New Study Highlights Value of My World Pediatric Tool
A new study conducted by Jessica Round at the University of Western Australia found that hearing care professionals believe that the My World tool can help improve and enhance the outcomes of pediatric rehabilitation.
For her master’s thesis in clinical audiology, Jessica Round explored whether Ida’s My World tool is needed in professional clinics as part of a pediatric rehabilitation program for hearing impaired children. In the study, Jessica interviewed 28 professionals, including audiologists, Teachers of the Deaf, and psychologists, along with five hearing impaired participants.
A majority of the professionals interviewed for the study felt that My World would help them obtain the child’s perspective of their hearing loss. They felt the tool would enable them to guide the child through a pathway of self-advocacy and self-management in a non-threatening fashion.
“Overall, the tool was well received by the majority of the 28 professionals who were interviewed,” states Jessica Round in the study. “The professionals were very embracing of a new method of counseling hearing-impaired children.”
While some professionals doubted whether there would be adequate time to add My World to their current practice, a majority of the professional agreed that the child’s perspective needed more of a voice in the consultation session. A more holistic approach rather than one that focuses on audiological information and testing was important. All of the survey participants, for instance, thought that all hearing care professionals should be using the tool and that it should be used during annual reviews with children.
Here are some quotes from the study participants:
“I think it is very negative, but not surprising, that many audiologists worry about time. I think once they see the My World tool in action via the videos they will see that quite quickly you can gain useful information from it. It might even save time guessing what is difficult for a child and trialing something that doesn’t help.” (Study Participant 1)

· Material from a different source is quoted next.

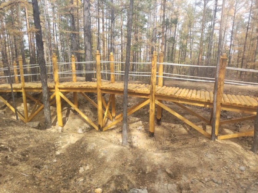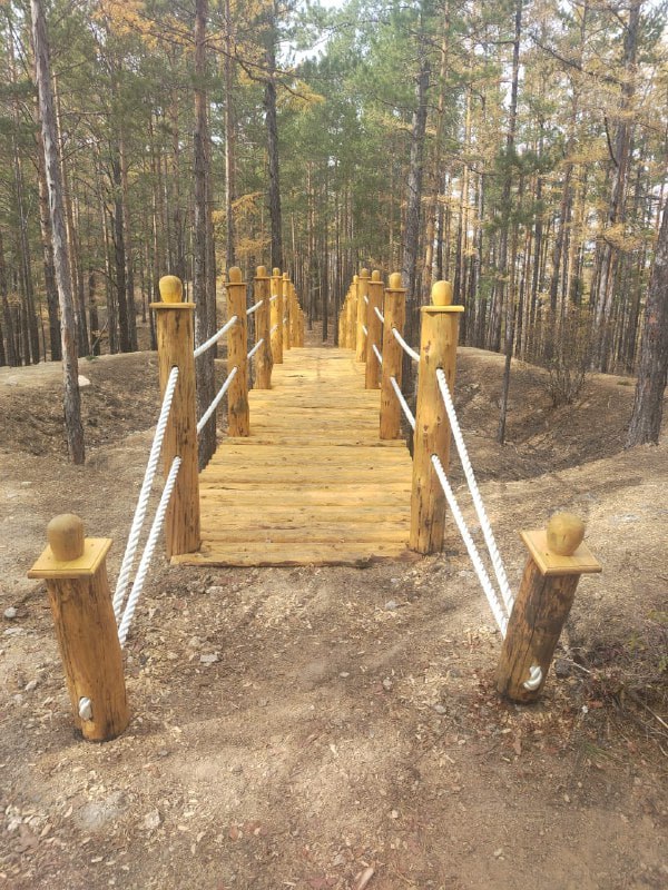 Для более комфортных туристических прогулок по тропе уже обустроены деревянные дорожки, возведен деревянный мост, которые позволит беспрепятственно пройти через овраг.

“I don’t think this tool challenges the traditional components of our role, but rather assists us to ensure that our rehabilitation program is child and family focused. A child’s program does not consist of monitoring audiometry alone, but rather should also take in account the child’s individual needs and goals, and be re-evaluated consistently.” (Study Participant 5)
Jessica Round submitted the thesis to the Faculty of Science at the University of Western Australia in partial fulfillment of the requirements for the degree of Master of Clinical Audiology. In 2013, Jessica was presented with the Inspiration Award for inspirational achievement in audiology studies. She is currently conducting an audiology internship at Princess Margaret Hospital for Children in Western Australia.